1.随机分区
dataStream.shuffle()调用,随机
源码
public DataStream<T> shuffle() { return this.setConnectionType(new ShufflePartitioner()); }
ShufflePartitioner类中的selectChannel()方法
public int selectChannel(SerializationDelegate<StreamRecord<T>> record) { return this.random.nextInt(this.numberOfChannels); }
2.数据进行在平衡(消除数据倾斜)
dataStream.rebalance()调用,轮询
源码
public DataStream<T> rebalance() { return this.setConnectionType(new RebalancePartitioner()); }
RebalancePartitioner类中的selectChannel()方法
public int selectChannel(SerializationDelegate<StreamRecord<T>> record) { this.nextChannelToSendTo = (this.nextChannelToSendTo + 1) % this.numberOfChannels; return this.nextChannelToSendTo; }
3.rescale()和rebalance类似,如果需要本地数据传输而不是通过网络传输数据
举例:
如果上游操作有2个并发,而下游操作有4个并发,那么上游的一个并发结果分配给下游的两个并发操作,另外的一个并发结果分配给了下游的另外两个并发操作.
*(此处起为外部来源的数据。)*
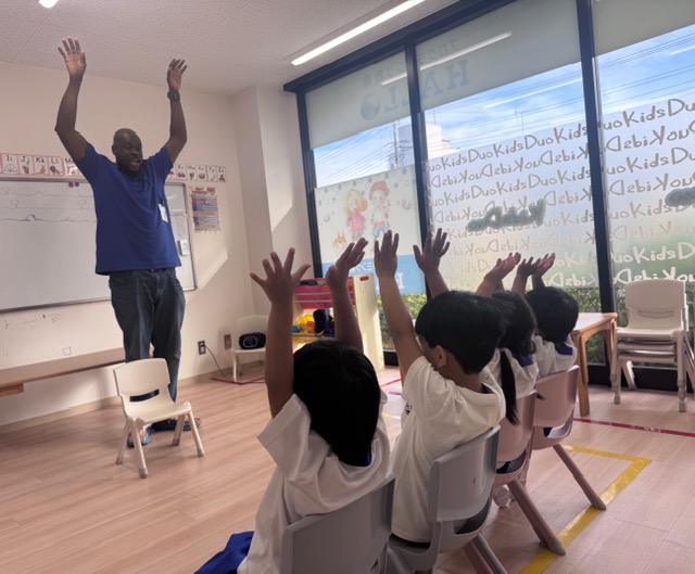 先生たちがいつも笑顔で笑わせてくれて、子供にもわかるように英語で伝えてくれます!
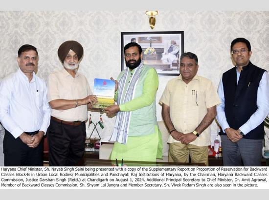 Nayab Singh Saini shared this information after receiving a copy of the supplementary report on the reservation proportion for Backward Class Block-B in urban local bodies/municipalities and Panchayati Raj institutions of Haryana from the Chairman of the Haryana Backward Commission, Judge (Retd.) Sh. Darshan Singh here today.
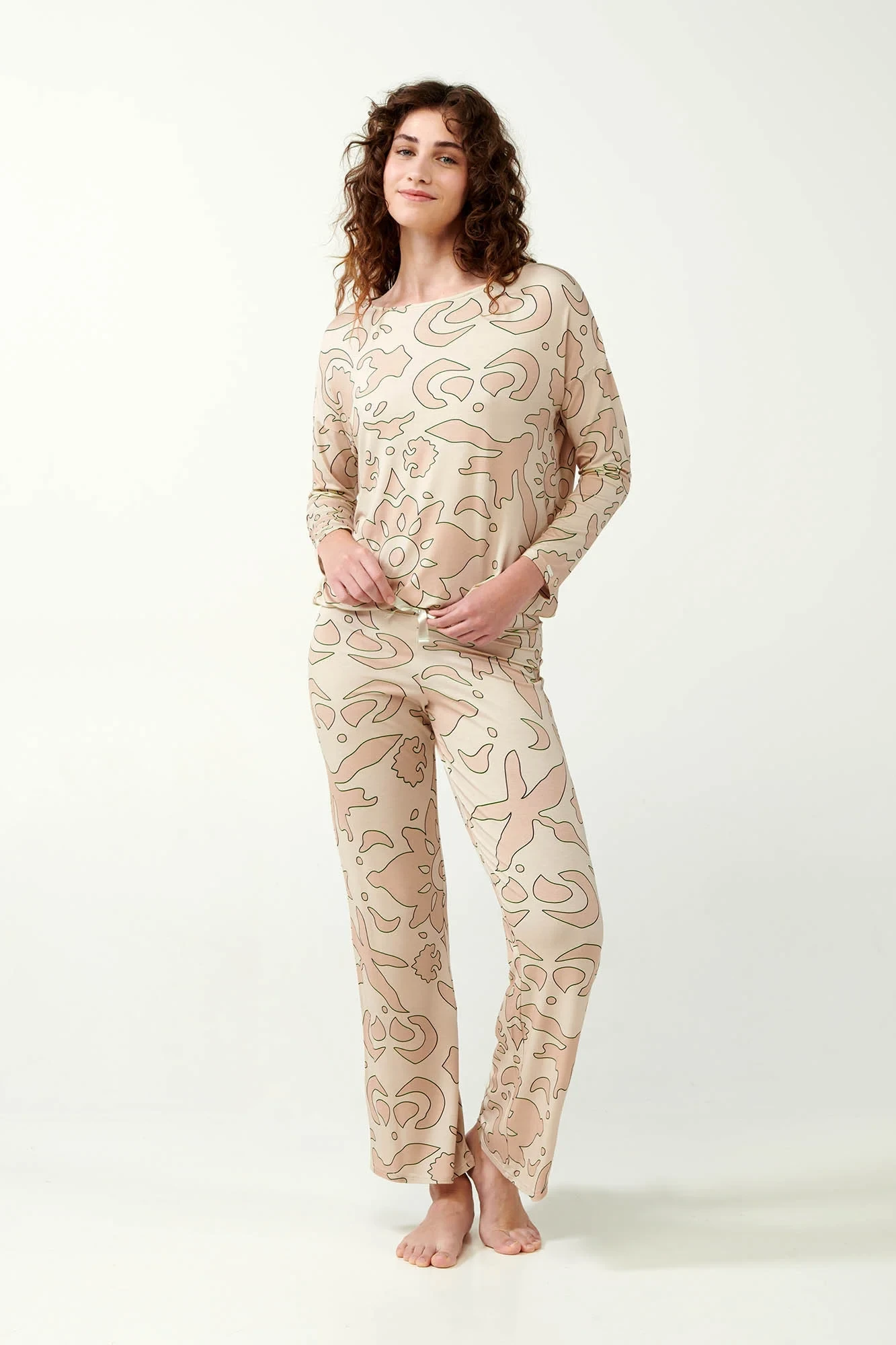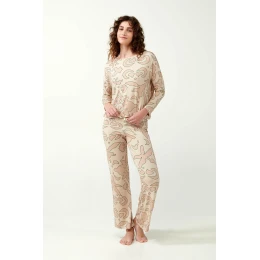 Vamp - Béžové dámské pyžamo s potiskem 21093 - Vamp

如果下游有两个并发操作而上游又4个并发操作,那么上游的其中两个操作的结果分配给下游的一个并发操作而另外两个并发操作的结果则分配给另外一个并发操作。
dataStream.rescale()
源码
public DataStream<T> rescale() { return this.setConnectionType(new RescalePartitioner()); }
RescalePartitioner类中的selectChannel()方法
public int selectChannel(SerializationDelegate<StreamRecord<T>> record) { if (++this.nextChannelToSendTo >= this.numberOfChannels) { this.nextChannelToSendTo = 0; } return this.nextChannelToSendTo; }
4.自定义分区
实现Partitioner方法
public class MyPartition implements Partitioner<Long> { @Override public int partition(Long num, int i) { System.out.println("当前的分区数"+i); if(num%2==0){ return 0; }else { return 1; } } }
进行方法调用:
public class StreamingWithMyPartition { public static void main(String[] args) throws Exception { StreamExecutionEnvironment env = StreamExecutionEnvironment.getExecutionEnvironment(); env.setParallelism(2); DataStreamSource<Long> text = env.addSource(new MyParallelism()); //对数据进行转换将tuple类型 DataStream<Tuple1<Long>> tupleData = text.map(new MapFunction<Long, Tuple1<Long>>() { @Override public Tuple1 map(Long value){ return new Tuple1<Long>(value); } }); //partition分区,按照第一个字段进行分区 DataStream<Tuple1<Long>> dataStream = tupleData.partitionCustom(new MyPartition(), 0); DataStream<Long> result = dataStream.map(new MapFunction<Tuple1<Long>, Long>() { @Override public Long map(Tuple1<Long> value) throws Exception { System.out.println("当前的线程ID:"+Thread.currentThread().getId()+" value:"+value); return value.getField(0); } }); //将结果打印 result.print().setParallelism(1); env.execute("StreamingWithMyPartition"); } }